DATA EXCERPTS
•••••
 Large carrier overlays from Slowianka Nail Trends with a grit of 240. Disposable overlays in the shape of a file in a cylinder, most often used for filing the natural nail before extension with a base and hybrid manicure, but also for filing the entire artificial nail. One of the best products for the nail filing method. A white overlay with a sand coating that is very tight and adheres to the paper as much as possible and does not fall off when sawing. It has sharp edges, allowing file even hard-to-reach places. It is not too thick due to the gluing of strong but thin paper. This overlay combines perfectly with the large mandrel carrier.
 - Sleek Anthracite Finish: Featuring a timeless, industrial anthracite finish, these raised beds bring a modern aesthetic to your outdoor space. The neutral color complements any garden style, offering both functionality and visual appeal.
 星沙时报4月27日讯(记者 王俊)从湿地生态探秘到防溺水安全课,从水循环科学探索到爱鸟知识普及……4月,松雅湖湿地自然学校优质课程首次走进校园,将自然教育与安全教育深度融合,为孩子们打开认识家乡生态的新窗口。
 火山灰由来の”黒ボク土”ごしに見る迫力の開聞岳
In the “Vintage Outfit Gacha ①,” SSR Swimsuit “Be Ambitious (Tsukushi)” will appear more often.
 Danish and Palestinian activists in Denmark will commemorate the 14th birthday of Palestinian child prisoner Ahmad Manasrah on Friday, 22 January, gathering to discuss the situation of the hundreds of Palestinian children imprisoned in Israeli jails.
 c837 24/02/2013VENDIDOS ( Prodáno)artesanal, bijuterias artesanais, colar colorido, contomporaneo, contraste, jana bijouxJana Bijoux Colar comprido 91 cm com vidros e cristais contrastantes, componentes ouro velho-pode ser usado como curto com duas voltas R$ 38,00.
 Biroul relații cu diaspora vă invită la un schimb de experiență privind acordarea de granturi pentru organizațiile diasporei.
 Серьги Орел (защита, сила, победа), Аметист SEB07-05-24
•••••
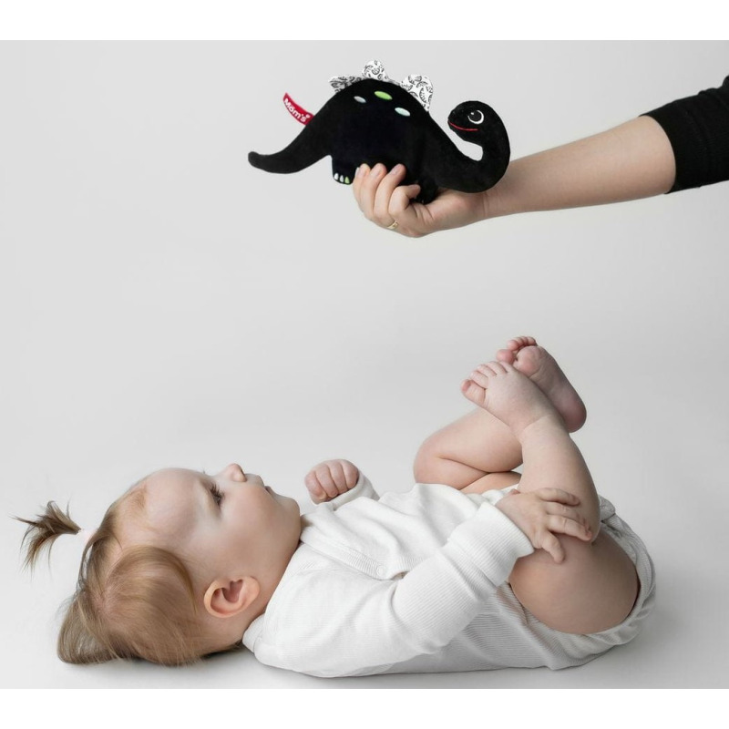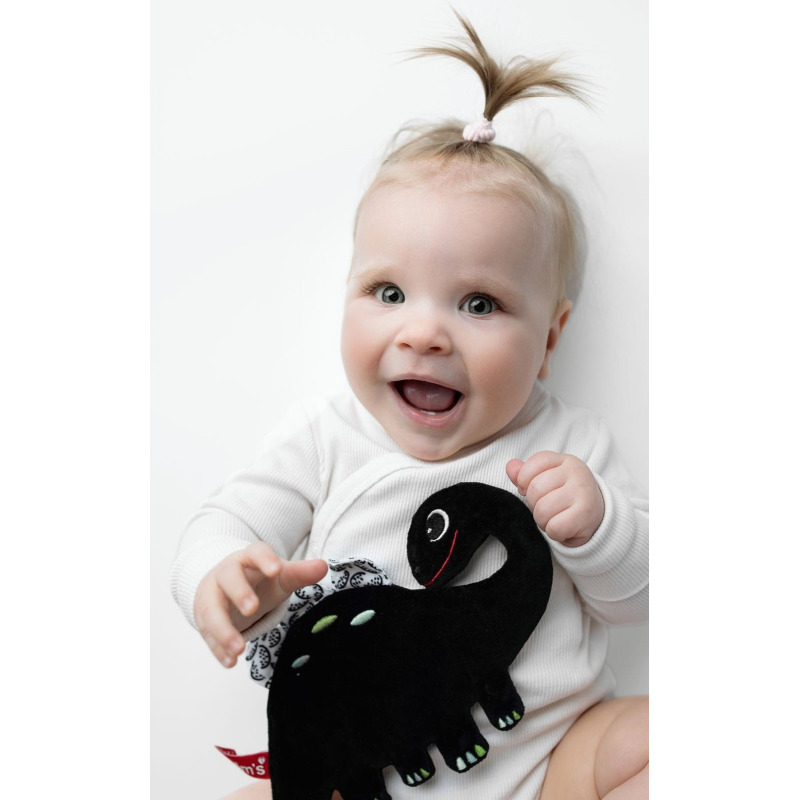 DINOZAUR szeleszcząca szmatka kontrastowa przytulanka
•••••
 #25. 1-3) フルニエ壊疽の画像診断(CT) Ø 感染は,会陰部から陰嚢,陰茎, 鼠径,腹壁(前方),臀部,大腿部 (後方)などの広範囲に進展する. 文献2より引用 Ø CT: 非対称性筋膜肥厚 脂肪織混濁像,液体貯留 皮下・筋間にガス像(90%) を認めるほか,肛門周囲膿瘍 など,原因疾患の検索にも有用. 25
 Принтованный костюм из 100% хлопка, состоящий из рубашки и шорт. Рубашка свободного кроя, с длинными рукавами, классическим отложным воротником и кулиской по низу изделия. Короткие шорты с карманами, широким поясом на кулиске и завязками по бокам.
•••••
Reproduce the lines of the entries above from the one with "appear more often." to the one with "Danish and Palestinian", both included, exactly and without any other line.

RESPONSE TO THE EXERCISE
In the “Vintage Outfit Gacha ①,” SSR Swimsuit “Be Ambitious (Tsukushi)” will appear more often.
 Danish and Palestinian activists in Denmark will commemorate the 14th birthday of Palestinian child prisoner Ahmad Manasrah on Friday, 22 January, gathering to discuss the situation of the hundreds of Palestinian children imprisoned in Israeli jails.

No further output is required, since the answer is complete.